First, China's space endeavours are presented as entirely indigenous in scope. Self-reliance and innovation, rooted in "autonomous intellectual property rights", are the propellants that China cites. While Western diplomats and analysts tend to argue that China's current version of spacecraft is based on an earlier Soivet model, the Chinese authorities draw attention to their respect for "the intellectual property rights" of others.
Second, China sees its larger aerospace and outer-space industries as also its manned space-flight programme, which is about 11 years in the making, as critical aspects of the national economic endeavour. The space programme is envisioned as a frontier area of Beijing's overall economic reforms under the "socialist modernisation with Chinese characteristics". In particular, China's economic "opening up" is projected as an avenue that has made possible the spectacular progress on the space front. This aspect of China's political opinion is not easily amenable to challenge from the West, which "encourages" Beijing to open up and reform its economy.
Third, the ruling Communist Party of China (CPC) tends to take credit for the country's space successes. Noteworthy in this sub-text is the emphasis on the Deng Xiaoping Theory and the principle of "Three Represents" - both aspects of economic liberalisation - as the political launch-pad for China's space programmes.
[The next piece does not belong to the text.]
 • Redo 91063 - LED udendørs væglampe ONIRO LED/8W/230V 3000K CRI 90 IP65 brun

While Western critics of China often demand that it change its political ways, it will be churlish of them to deny the CPC any credit.
The fourth aspect of the CPC's political `take' on China's space programme is that it is meant for peaceful purposes. It is true that some Chinese commentators portray the success of manned space flights as the latest in a series of scientific feats that the country has performed over the past several decades. Listed in this category is the development of the atom bomb and the hydrogen bomb, besides the fashioning of earth-orbit satellites.
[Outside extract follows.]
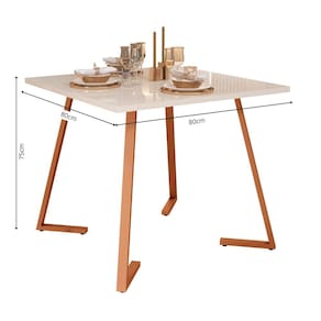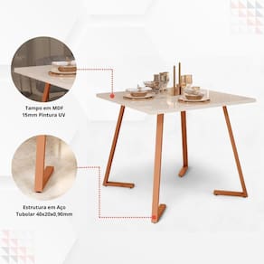 Características: - Medidas: 80 cm (largura) x 80 cm (profundidade) x 74cm (altura); - Tubo pés 40x20x0,90; - Sapata Regulável; - Ponteiras polietilenos; - Pintura eletrostática; - Pintura UV; - Borda nos 4 lados; - Capacidade: 4 lugares; - Estilo: Industrial; - Tampo resistente e fácil de limpar; - Estrutura em aço pintado, com alta durabilidade; - Ideal para ambientes compactos e modernos.

At a closer glance, this argument is not antithetical to China's assertions about its intention to keep its space programmes on a peaceful trajectory. The reason is not far to seek. China, like India, emphasises the principles of no-first-use of nuclear weapons and no-use against states without the atom bomb.
Significantly, insofar as outer space figures in China's thinking on "information warfare", David Shambaugh, a Western specialist on the Chinese military modernisation, has pointed out that some writings under the auspices of the People's Liberation Army had cited "the offensive use of ... space-based lasers", among other means, to "confuse and paralyse an enemy's communications systems on the ground, in the air, and at sea". Beyond such analytical views about China, there is very little or no policy-driven response from the United States and other Western powers to China's soaring status as a space-faring country and what that might mean in terms of the military equations among the major powers.
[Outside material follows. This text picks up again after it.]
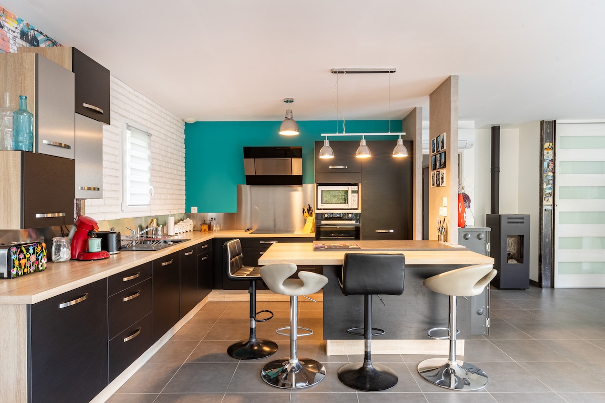Détendez-vous dans cette maison de ville de 85 m² cocooning et élégante, au coeur de Bruguières. Arrivez en toute autonomie (boîte à clefs) et profitez des commodités à pied et des animations du centre-ville, tout en bénéficiant du calme d'une impasse. Vous serez aux portes de Toulouse, à 1km de la sortie n°11 St Jory (autoroute A62), à 20 minutes du Capitole. Cette maison sera idéale pour un séjour en famille, entre amis ou pour le travail.

At the macro-level of international politics, a new post-modern theory is that the space-faring powers will be able to dominate global affairs in the future in much the same proactive manner as the sea-faring countries were able to do in an earlier era in world history.
It is not just China's proven technological successes in the extra-terrestrial domain that would be relevant to this theory, but also the robust space programmes of India and a few other countries. Importantly, in the overall global political situation, the "Chinese assessment", as a commentator, Yong Deng, has pointed out, "sees the United States as a hegemon on the offensive for power aggrandisement". Assessments such as these were first made in 2001, but they remain valid to this day, as seen from a Chinese perspective.
A fashionable view in the West is that the Soviet Union collapsed, in spite of its military prowess and space-related successes, because the old Kremlin failed to put the national economy on an even keel. Viewed in this perspective, China tends to focus as much attention on the national economy as on other power derivatives such military modernisation and space exploration. It, therefore, remains to be seen whether the U.S. will see China as an emerging space-faring competitor and respond to the "challenge" accordingly.